Tgr added a comment.Wed, Sep 30, 5:37 PM

Yeah that's a cached response. You can check the live one by SSH-ing into a debug host and running something like curl -I -H 'Host: test.wikidata.org' -H 'X-Forwarded-Proto: https' 'http://mwdebug2001.codfw.wmnet/wiki/Special:EntityData/Q11.ttl?flavor=dump&revision=520357'.

Train rolled all the way back and completely undeployed wmf.11 because of the massive number of errors that were occurring even after rolling back group1.

Pchelolo added a subscriber: Pchelolo.EditedThu, Oct 1, 6:05 PM

For the ParserCache blocker, this is the chain of back ports that moves wmf.11 to the same exact state as wmf.10 and master for the parserCache: They are to be merged before deployment.

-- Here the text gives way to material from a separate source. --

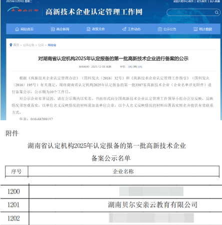 近日,全国高新技术企业认定管理工作领导小组办公室发布了《对湖南省认定机构2025年认定报备的第一批高新技术企业进行备案的公告》。贝尔安亲凭借在课后服务领域卓越的科技创新能力、自主研发实力及成果转化水平,成功上榜,荣获“高新技术企业”国家级认定!
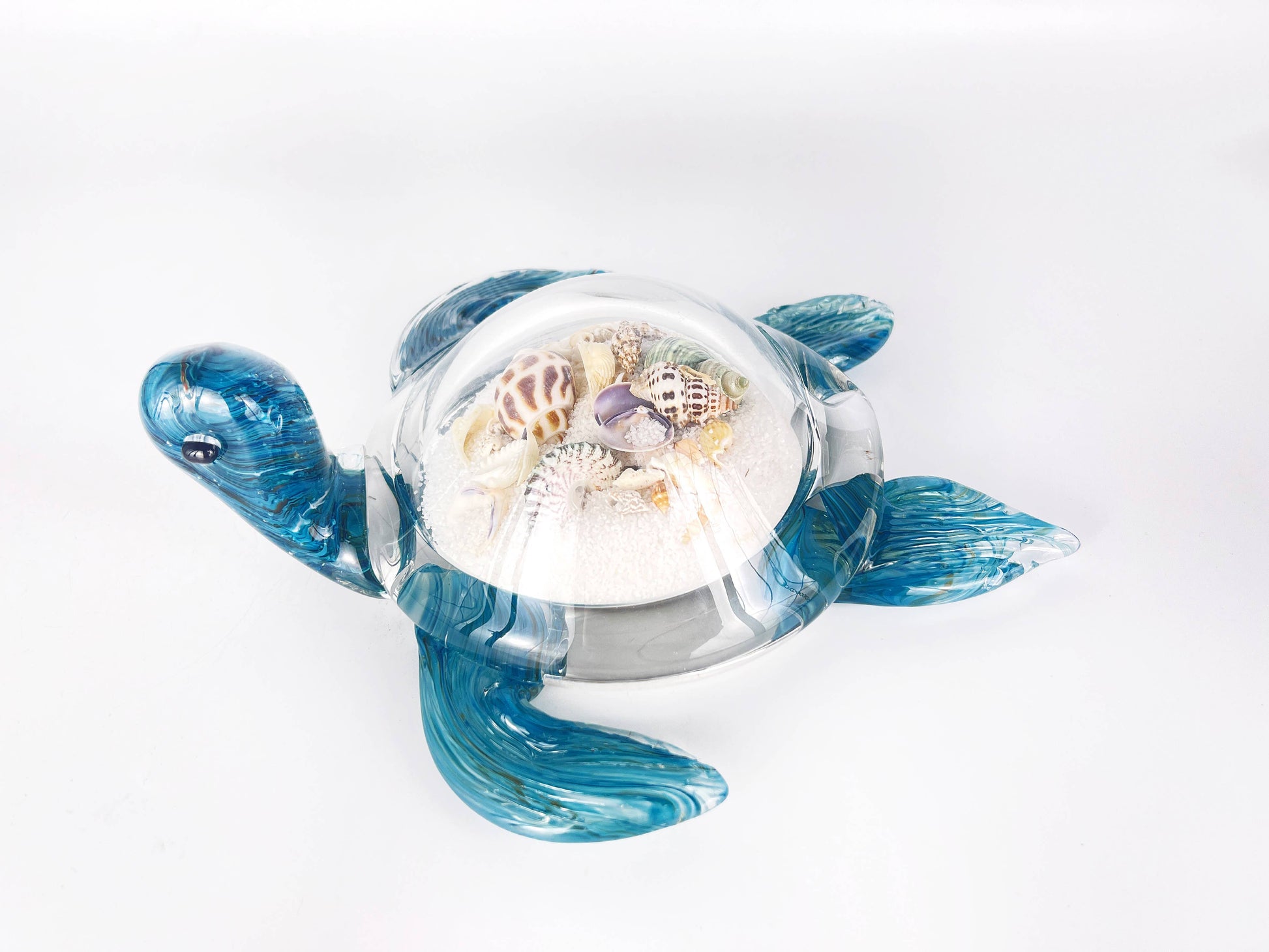Bring the tranquil beauty of the ocean into your home with this Art Glass Sea Turtle. This stunning handcrafted piece features a detailed glass sea turtle with natural sand and sea shells sealed inside using a cork. encapsulating the essence of coastal charm and artistry. Each sea turtle is individually hand-blown by skilled artisans, making every piece one-of-a-kind. The vibrant hues and intricate patterns in the glass mimic the ocean’s iridescence, creating a mesmerizing and lifelike representation of this majestic marine creature. 9 x 9 x 4 in

https://gerrit.wikimedia.org/r/c/mediawiki/core/+/631240/2 https://gerrit.wikimedia.org/r/c/mediawiki/core/+/631473/2

mmodell removed a subtask: Restricted Task.Thu, Oct 1, 7:25 PM

Mentioned in SAL (#wikimedia-operations) [2020-10-01T20:08:13Z] <twentyafterfour@deploy1001> Synchronized php-1.36.0-wmf.11/includes/parser/: sync ParserCache patches to unblock the train T264257 T263177 (duration: 00m 59s)

Change 631527 had a related patch set uploaded (by 20after4; owner: 20after4):
[operations/mediawiki-config@master] group1 wikis to 1.36.0-wmf.11 refs T263177

https://gerrit.wikimedia.org/r/631527

Change 631527 merged by jenkins-bot:
[operations/mediawiki-config@master] group1 wikis to 1.36.0-wmf.11 refs T263177

https://gerrit.wikimedia.org/r/631527

Mentioned in SAL (#wikimedia-operations) [2020-10-01T20:47:18Z] <twentyafterfour@deploy1001> rebuilt and synchronized wikiversions files: group1 wikis to 1.36.0-wmf.11 refs T263177

Mentioned in SAL (#wikimedia-operations) [2020-10-01T20:48:25Z] <twentyafterfour@deploy1001> Synchronized php: group1 wikis to 1.36.0-wmf.11 refs T263177 (duration: 01m 06s)

Since all wikis are on wmf.10 currently, does this mean that wmf.12 (T263178) won’t be deployed next week? I’m asking this because next week’s Tech News still lists the wmf.12 train as if nothing have happened, but that should probably be reconsidered.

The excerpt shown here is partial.